Scaling, hair casts, and hair loss usually begin on the head, pinnae, and muzzle, and progress to the dorsal trunk, limbs, and ventral trunk. Crusts and ulcers may occur in 24% of the dogs. Depigmentation and ulceration are occasionally seen on the nasal planum. Pruritus is usually mild or absent. Peripheral lymphadenopathy is detected 32% of the dogs.19 Episodic pain (back arching, vocalization, difficulty rising/sitting) and intermittent fever may be seen in about 12% of the dogs.19

Diagnosis is based on history, physical examination, and biopsy.19 Immunofluorescence and immunohistochemical testing demonstrate immunoglobulin at the basement membrane zone of the epidermis (100%) and hair follicles (41%).19 Circulating IgG autoantibodies that target hair follicle and sebaceous gland are detected in 57% of the cases.19 This testing is not available to practitioners. Results of routine laboratory examinations (hemogram, biochemistry, urinalysis) and antinuclear antibody testing are within normal limits.19 Dermatohistopathological findings include a cell-rich interface dermatitis and mural folliculitis, with sebaceous glands being absent in 50% of the specimens.19

The prognosis for ECLE is guarded.18,19 Response to treatment is unpredictable and, when initially achieved, is often not sustained.18,19 In addition, the disease may wax and wane, making short-term responses to therapy difficult to interpret. Individual dogs have responded to tetracycline and niacinamide and/or omega-6/omega-3 fatty acids.18,19 Other dogs have failed to respond to these as well as prednisolone (1 to 2 mg/kg/day), azathioprine, vitamin E, vitamin A, etretinate, leflunomide, and cyclosporine.18,19 Many dogs were euthanized due to poor response, side effects, financial burden, and demodicosis.19

Other Poorly Characterized Forms of Cutaneous LE

Widespread "DLE" has been reported in two dogs.20,21 The dogs had erythema, scaling, and alopecia involving the face, trunk, and limbs. The dogs were otherwise healthy, routine laboratory examinations and antinuclear antibody testing were within normal limits, and skin biopsy findings were consistent with DLE. One dog responded to methylprednisolone and azathioprine, the other to prednisolone.

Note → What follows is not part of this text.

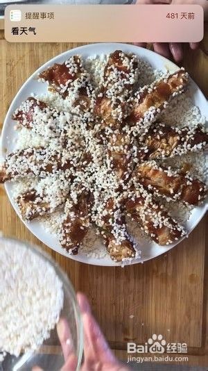 排骨滚上一圈糯米,码到盘子里

Perianal (and perivulvar?) LE has been reported in 9 dogs.22,23 The dogs had dyschezia and frequent hematochezia and constipation. Perianal lesions included depigmentation, erosions, and ulcers. Skin biopsy findings were consistent with DLE. Two dogs were treated with prednisolone (2 mg/kg/day), achieved remission, and remained in remission after therapy was stopped.22 Four dogs responded to prednisolone and azathioprine, but required alternate-day prednisolone or azathioprine.22 One dog was controlled with tetracycline and niacinamide.22

References

1.  Scott, et al. J Am Anim Hosp Assoc 1983;19:461.

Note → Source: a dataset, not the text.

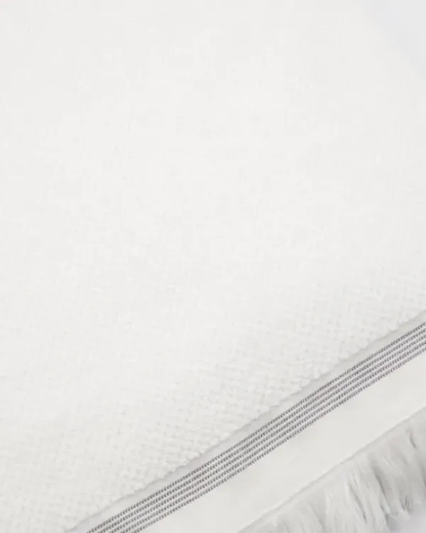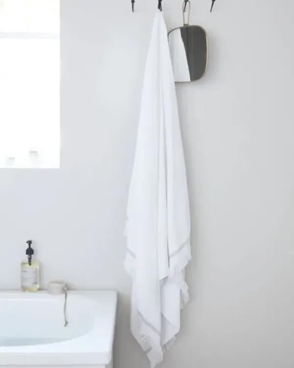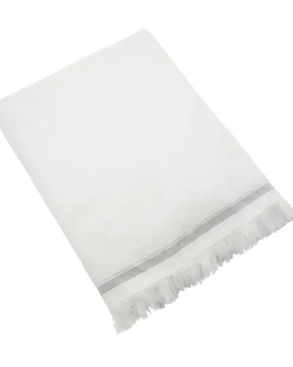 Merakin kaunis kylpypyyhe valkoisena, jossa pieni harmaa raita ja hapsut. Mahtava koko, tunnetaan myös nimellä kylpylakana, 100x180cm! Nämä pyyhkeet ovat ihanan pehmeitä, 100% luomupuuvillaa!
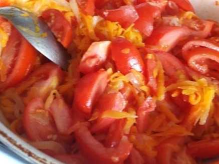 Наступним етапом йдуть помідори. Помідори дають сік і у нас овочі вже тушкуються. Можна прикрити кришкою та гасити хвилин п'ять. Тушковані овочі перекладаємо у просторий таз або каструлю.

2.  Scott DW, et al. Muller & Kirk's Small Animal Dermatology VI 2001:701.

3.  Griffin CE, et al. Vet Immunol Immunopathol 1979;1:79.

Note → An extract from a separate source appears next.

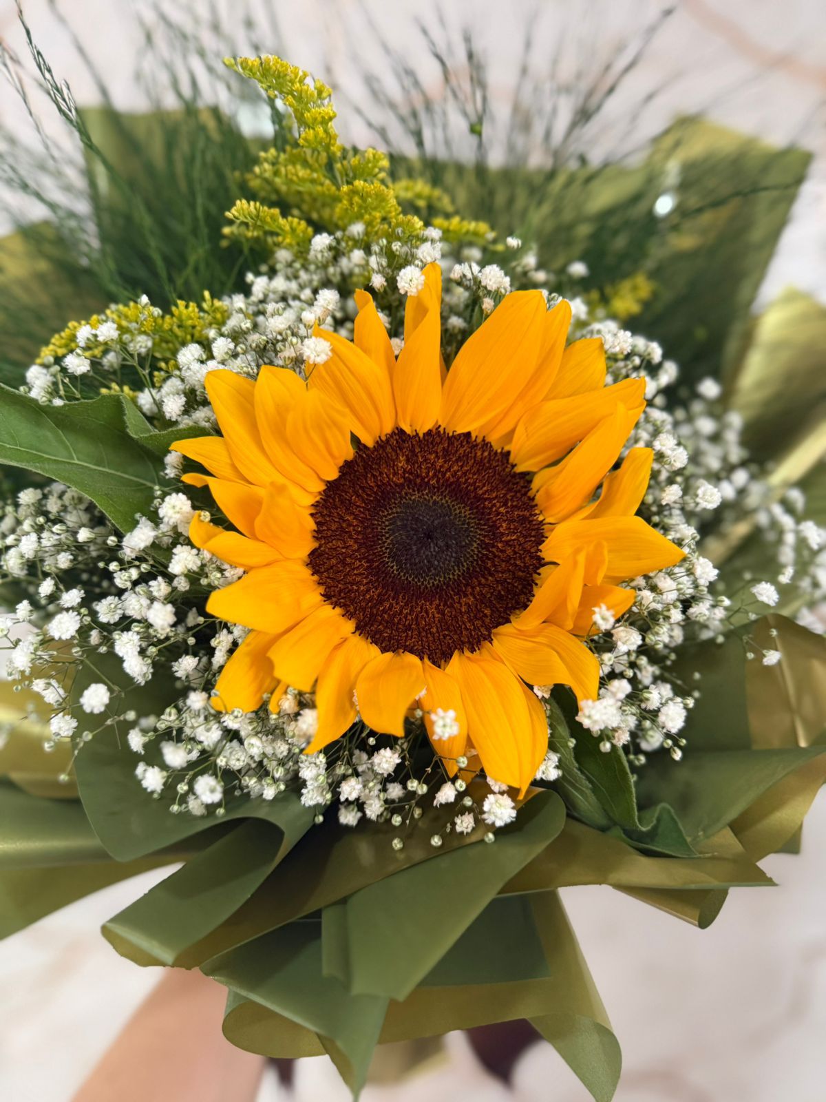 BUQUÊ P COM GIRASSOL SOLITÁRIO GREEN GOOLD

4.  Scott DW, et al. J Am Anim Hosp Assoc 1983;19:481.

5.  Scott DW, et al. Compend Cont Edu 1987;9:539.

6.  Scott DW, et al. J Am Anim Hosp Assoc 1984;20:579.

7.  Scott DW, et al. Vet Dermatol 1995;6:99.

8.  Crowson AN, et al. J Cutan Pathol 2001;28:1.

9.  White SD, et al. J Am Vet Med Assoc 1992;200:1497.

10. Griffies JD, et al. J Am Anim Hosp Assoc 2004;40:29.

11. Ihrke PJ, et al. Kirk's Current Veterinary Therapy XII 1995:649.

12. Jackson HA, et al. Vet Dermatol 2004;15:230.

13. Yamamura C, et al. Jpn J Vet Dermatol 2005;11:125.

14. Jackson HA. Vet Dermatol 2004;15:37.

15. Font A, et al. Vet Dermatol 2006;17:440.

16. Gross TL, et al. Veterinary Dermatopathology: A Macroscopic and Microscopic Evaluation of Canine and Feline Skin Diseases 1992:26.

17. White SD, et al. Kirk's Current Veterinary Therapy XII 1995:605.

18. Vroom MN, et al. Vet Dermatol 1995;6:93.

19. Bryden SL, et al. Vet Dermatol 2005;16:239.

20. Murayama N, et al. Jpn J Vet Dermatol 2006;12:87.

21. Nagata M, et al. Jpn J Vet Dermatol 2004;10:119.

22. Schrauwen E, et al. Vet Rec 2004;154:752.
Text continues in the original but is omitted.